Entries supplied:
______________________________

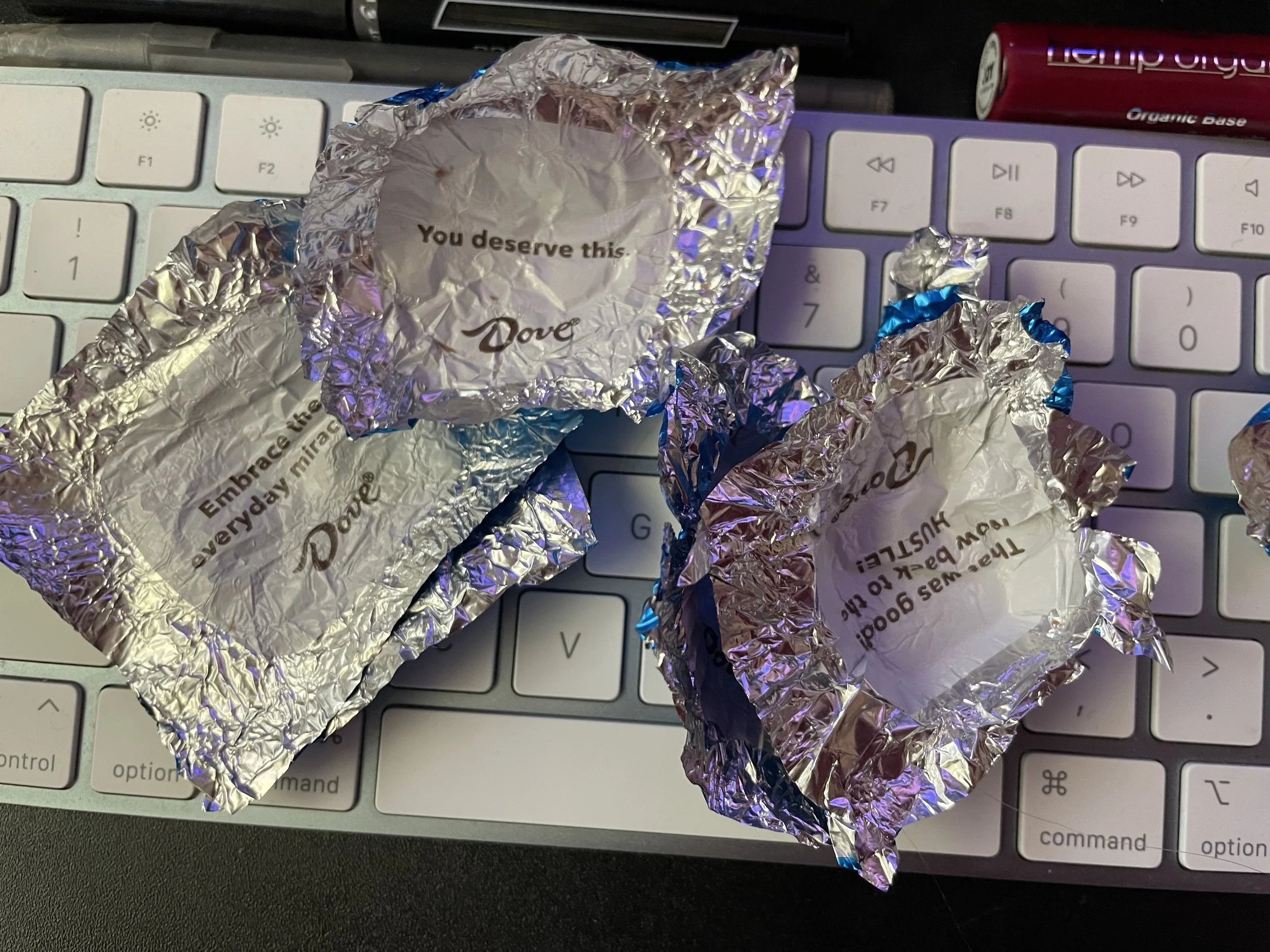 I am not someone who typically buys Dove chocolates, but now and then, I crave the element of surprise in the quote under the foil. (And of course, devouring a milk chocolate on a Tuesday afternoon has its own satisfaction).
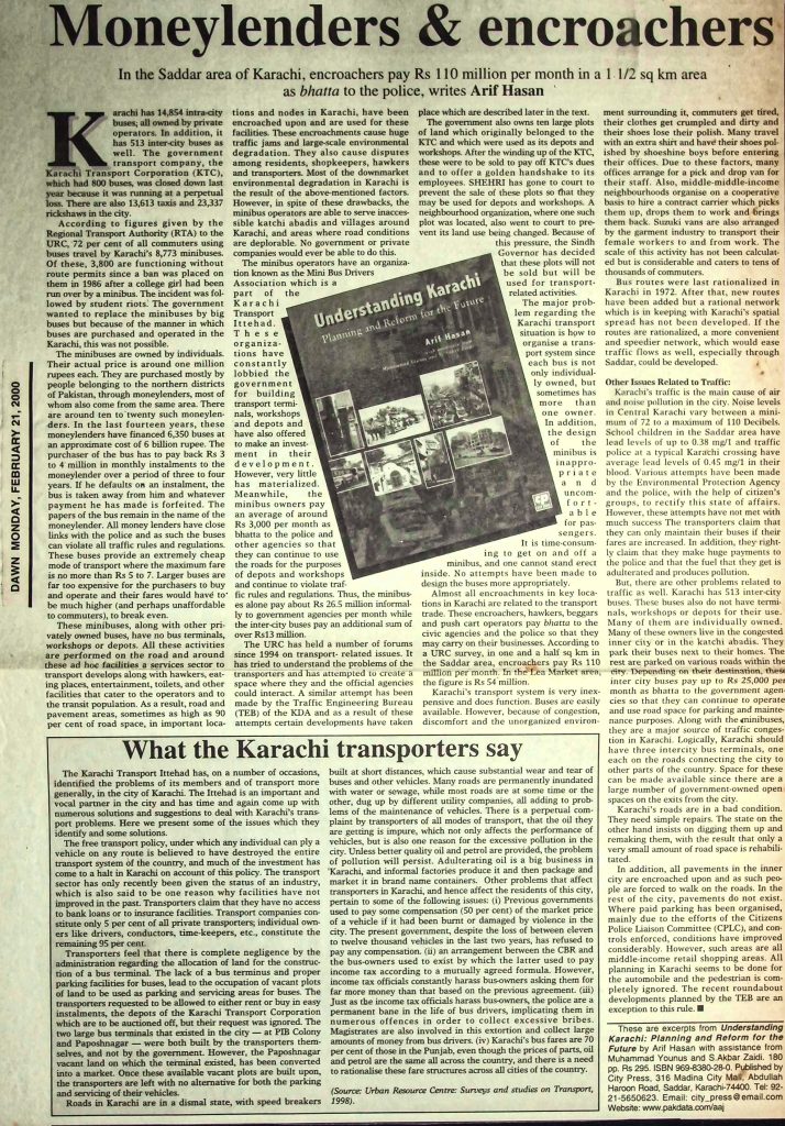 These are excerpts from Understanding Karachi: Planning and Reform for the Future by Arif Hasan with assistance from Munammad Younus and S.Akbar Zaidi. 180 pp. Rs 295. ISBN 969-8380-28-0. Published by City Press, 316 Madina City Mall Abdullah Haroon Road, Saddar, Karachi 74400 Tel: 92-21-5650623. Email: city press@email.com Website: www.pakdata.com/a
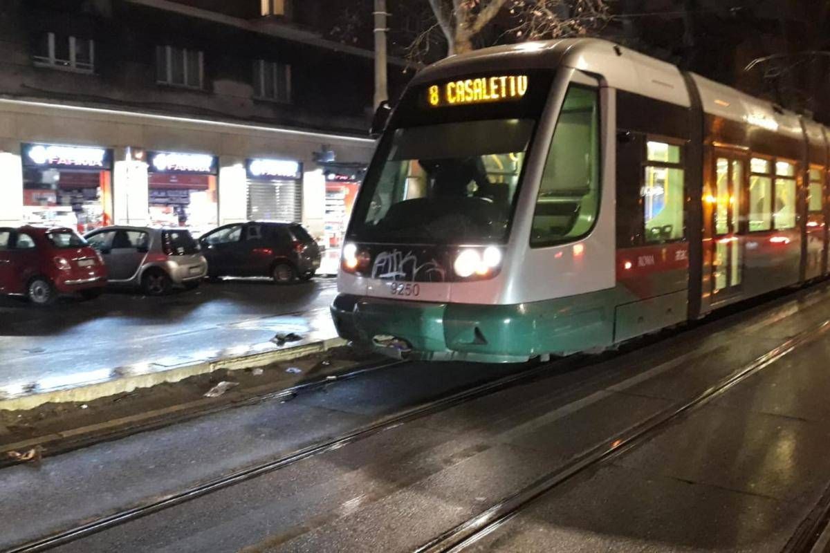 Ha colpito con un calcio la porta di vetro, anteriore destra, del tram della linea 8 dell’Atac e si è poi allontanato per le vie limitrofe riuscendo a fare perdere le proprie tracce. Una 19enne, studentessa straniera, che era seduta vicino alla porta, ha riportato lievi escoriazioni alla gamba provocate dalla schegge. E' accaduto ieri sera verso le 17 all'altezza della fermata di piazza Gioacchino Belli a Roma. Dopo la segnalazione giunta al numero di emergenza 112, i carabinieri della stazione Porta Portese e del Nucleo Operativo della Compagnia Trastevere sono intervenuti sul posto. Â
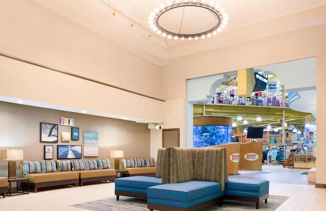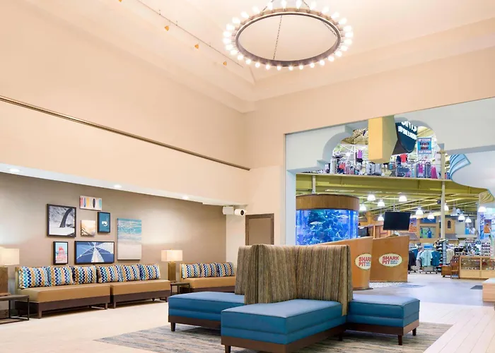 Dining options include the Shark Pit Bar & Grill, which serves a variety of meals and features its famous hand-tossed pizza cooked in an open-face pizza oven. Guests can also enjoy Starbucks coffee available on-site.
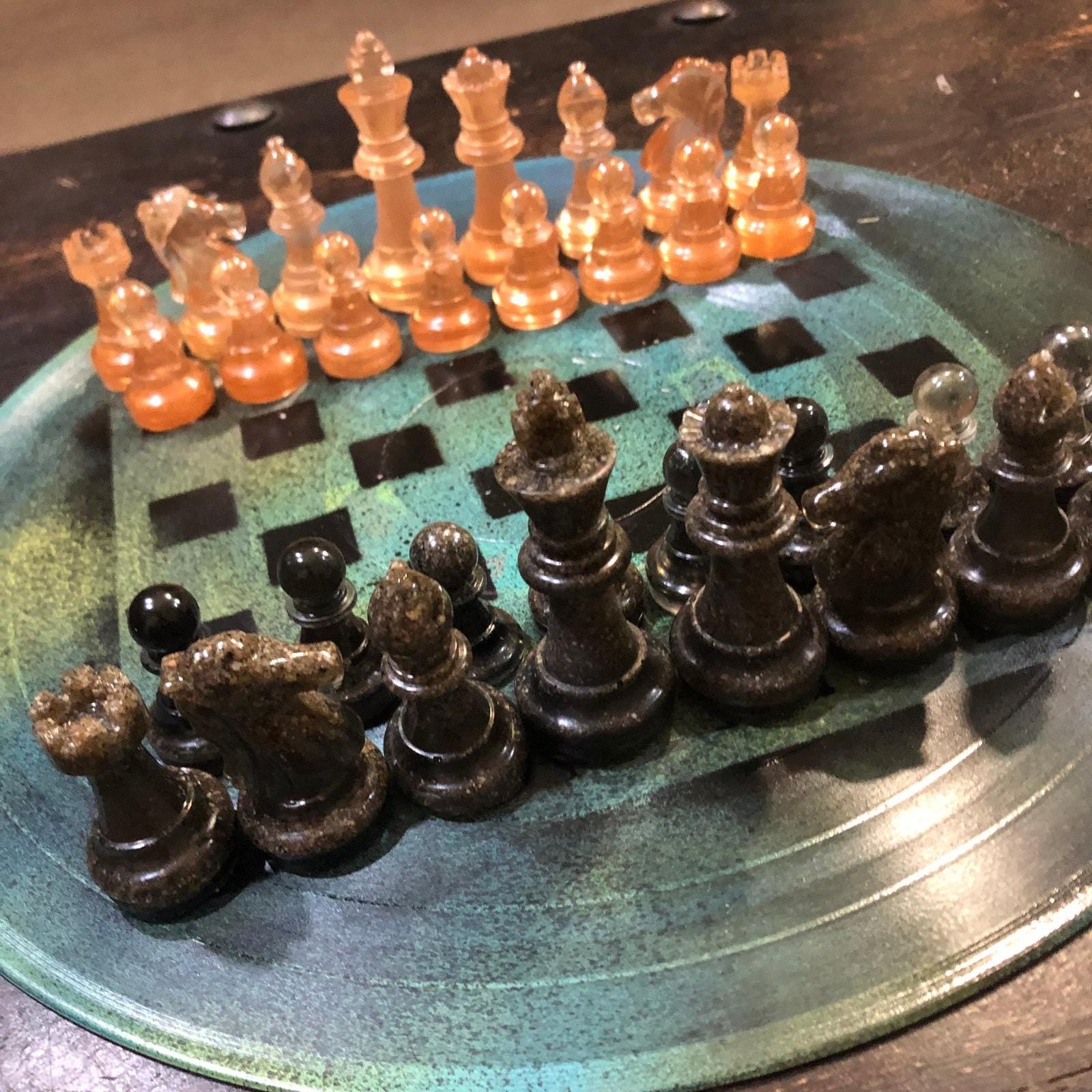 Vinyl Chess Set - Sea Moss Green (Resin Pieces)
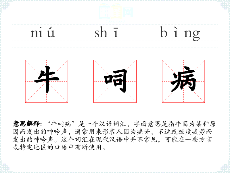 在其他语言中,可能没有直接对应“牛呞病”的词汇,但可以用类似的表达来形容人的痛苦状态,如英语中的“groan”或“moan”。
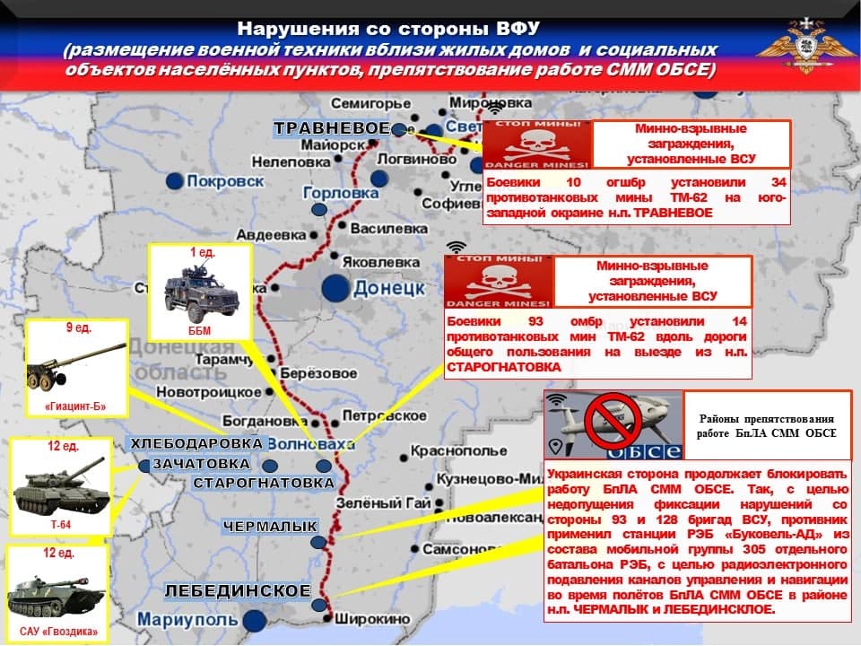 Украинская сторона продолжила блокировать работу БпЛА СММ ОБСЕ с использованием станции РЭБ «Буковель-АД» из состава 305-го батальона РЭБ для недопущения фиксации нарушений со стороны 93-й и 128-й бригад в районах н.п. ЧЕРМАЛЫК и ЛЕБЕДИНСКОЕ.
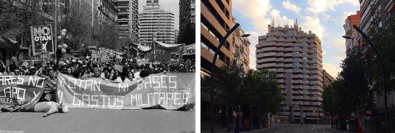 Fig. 1./ Escario-Vidal-Vives (EVV): Edificio ‘Vitalicio’ (1967-1972), actualmente ‘Hispania’, visto desde la Gran Vía de Murcia durante una manifestación en mayo de 1985 y el confinamiento de mayo de 2020
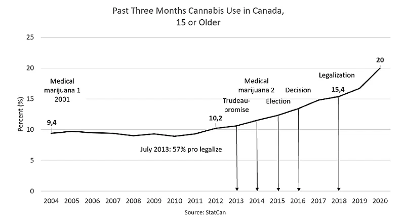 Effekterna visar nu att cannabisanvändning har ökat kraftigt i befolkningen. Under perioden 2004–2020 har antalet cannabisanvändare i Kanada som använt cannabis de senaste tre månaderna fördubblats, från 9,4 till 20 procent, (15 år och äldre). Bara under perioden 2018-2020 har antalet användare ökat från 4,1 miljoner eller 14 procent strax före legaliseringen till 6,1 miljoner eller 20 procent tre år senare.
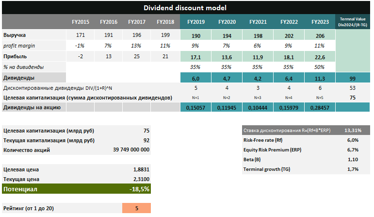 Дивидендная политика компании позволяет направлять на дивиденды акционерам от 5% до 35% чистой прибыли по РСБУ. По итогам 2018г на выплаты направили 35% прибыли. Сохранение коэффициента выплат на прежнем уровне позволит акционерам рассчитывать на дивиденд в размере около 0,15 рублей на акцию. Ожидаемая дивидендная доходность по итогам 2019 года составляет 6,4%. Этого недостаточно для попадания в портфель по дивидендной стратегии
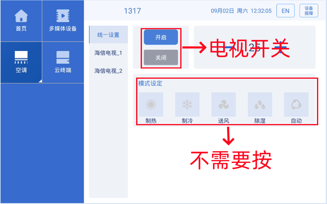 空调:选择统一设置来开启和关闭(两台电视同时控制)
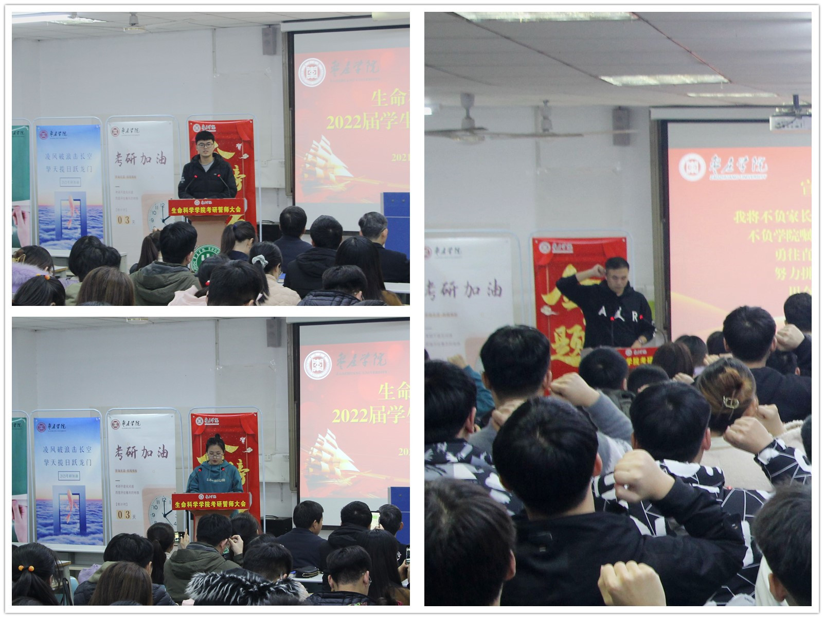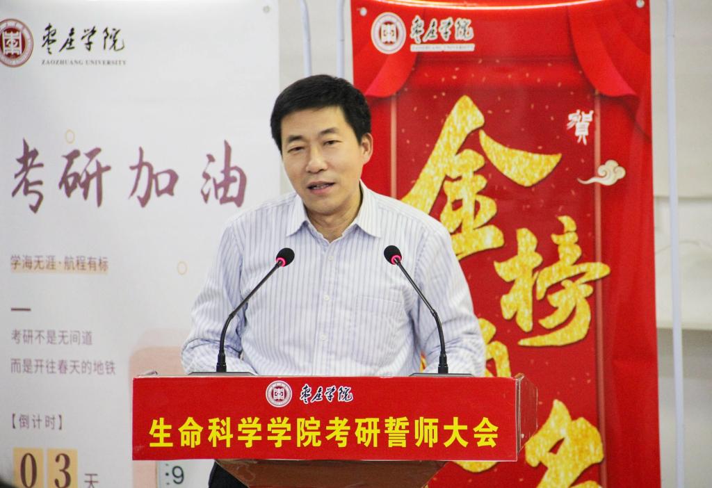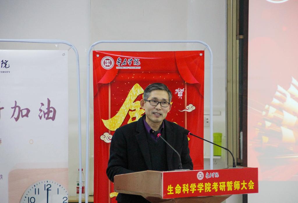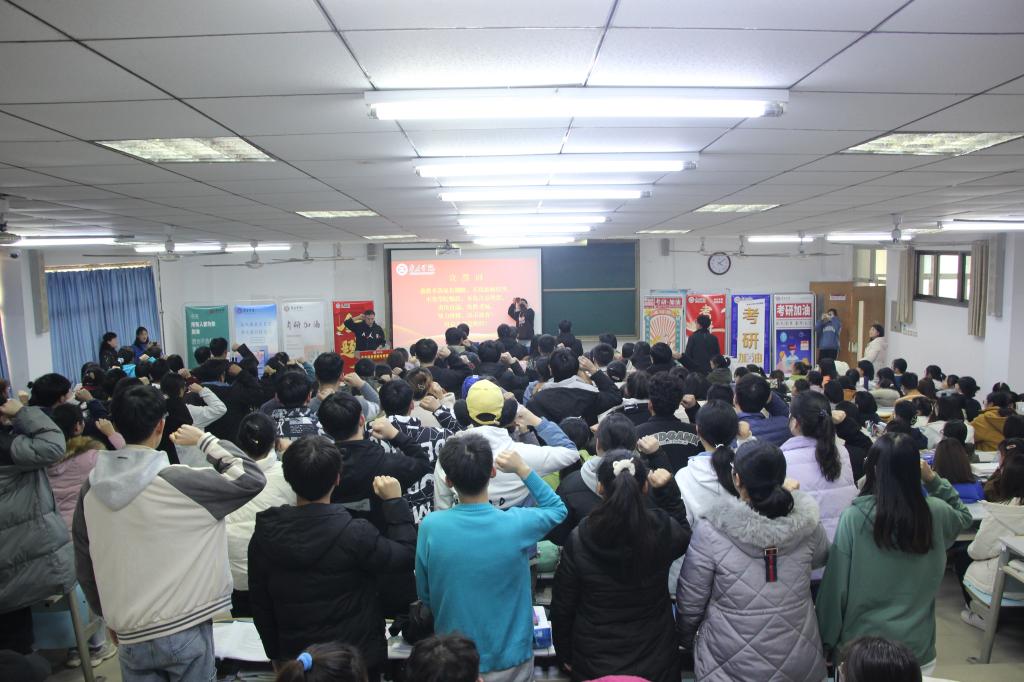 大会上,播放了来自在校生学弟学妹以及往届考研成功学长们的加油视频,李志军同学代表在校生送上对考研学子最真挚的祝福,崔荣慰同学代表全体考研学子感恩学校的培养与关怀,前院员工会主席杨深琳同学带领全体考研学子进行了慷慨激昂的宣誓,表示一定不辜负家长期盼,恩师厚望,勇往直前,决胜考场。
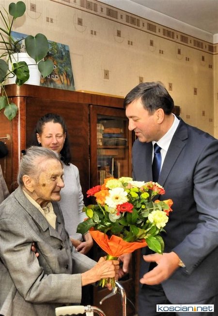 Życzenia w imieniu władz miasta złożyli jubilatce burmistrz Michał Jurga i przewodniczący miejskiej rady Piotr Ruszkiewicz.
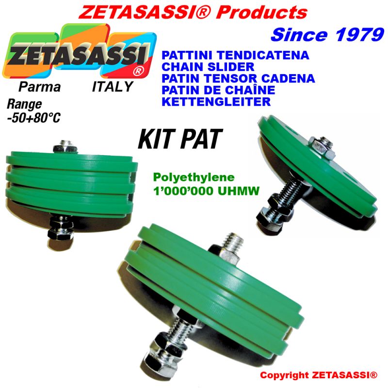 | -- | ZEKPAT38B3 | Kit patin de cadena set con dos lados utilizables tipo KPAT ZETASASSI® en polietileno 1000, con tornillo y tuerca, para cadena 06B3 3/8"x7\32" triple (Made in Italy) | -- | 17,36 € | 0 | Consultar |
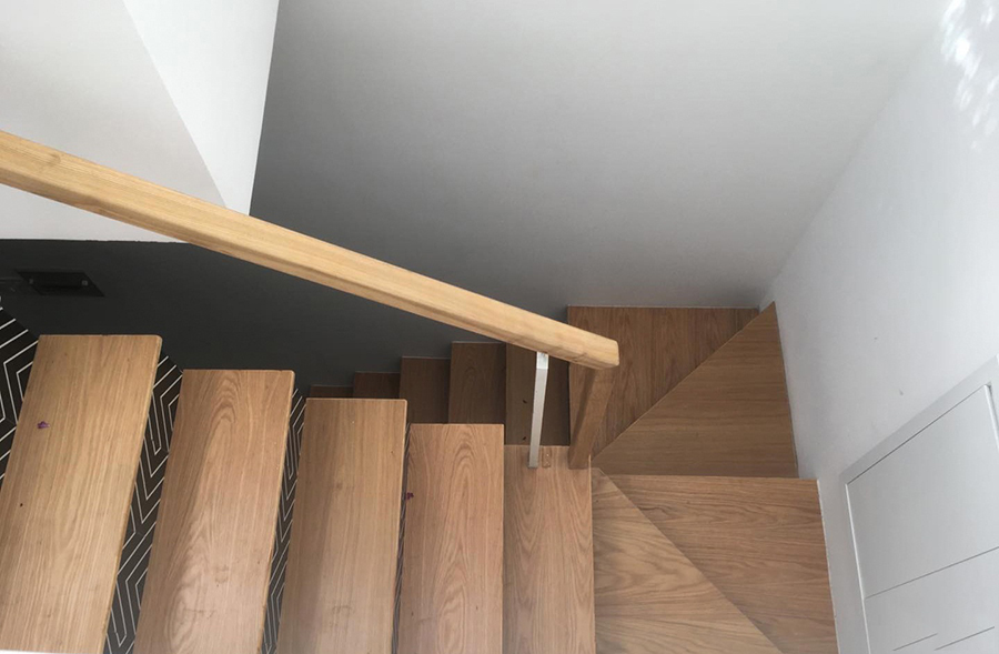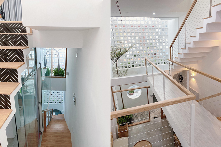 Khu vực cầu thang được bố trí một vế thay đổi liên tục, bên cạnh đó là khoảng thông tầng ở khu vực tầng lửng giúp không gian sống như nằm ở trong lòng thiên nhiên.

______________________________

Prompt: What is needed is an exact copy of only the lines above from the one with "Fig. 1./ Escario-Vidal-Vives" to the one with "0 | Consultar |", both kept, with every picture left out.

Result of this task:
 Fig. 1./ Escario-Vidal-Vives (EVV): Edificio ‘Vitalicio’ (1967-1972), actualmente ‘Hispania’, visto desde la Gran Vía de Murcia durante una manifestación en mayo de 1985 y el confinamiento de mayo de 2020
 Effekterna visar nu att cannabisanvändning har ökat kraftigt i befolkningen. Under perioden 2004–2020 har antalet cannabisanvändare i Kanada som använt cannabis de senaste tre månaderna fördubblats, från 9,4 till 20 procent, (15 år och äldre). Bara under perioden 2018-2020 har antalet användare ökat från 4,1 miljoner eller 14 procent strax före legaliseringen till 6,1 miljoner eller 20 procent tre år senare.
 Дивидендная политика компании позволяет направлять на дивиденды акционерам от 5% до 35% чистой прибыли по РСБУ. По итогам 2018г на выплаты направили 35% прибыли. Сохранение коэффициента выплат на прежнем уровне позволит акционерам рассчитывать на дивиденд в размере около 0,15 рублей на акцию. Ожидаемая дивидендная доходность по итогам 2019 года составляет 6,4%. Этого недостаточно для попадания в портфель по дивидендной стратегии
 空调:选择统一设置来开启和关闭(两台电视同时控制)
 大会上,播放了来自在校生学弟学妹以及往届考研成功学长们的加油视频,李志军同学代表在校生送上对考研学子最真挚的祝福,崔荣慰同学代表全体考研学子感恩学校的培养与关怀,前院员工会主席杨深琳同学带领全体考研学子进行了慷慨激昂的宣誓,表示一定不辜负家长期盼,恩师厚望,勇往直前,决胜考场。
 Życzenia w imieniu władz miasta złożyli jubilatce burmistrz Michał Jurga i przewodniczący miejskiej rady Piotr Ruszkiewicz.
 | -- | ZEKPAT38B3 | Kit patin de cadena set con dos lados utilizables tipo KPAT ZETASASSI® en polietileno 1000, con tornillo y tuerca, para cadena 06B3 3/8"x7\32" triple (Made in Italy) | -- | 17,36 € | 0 | Consultar |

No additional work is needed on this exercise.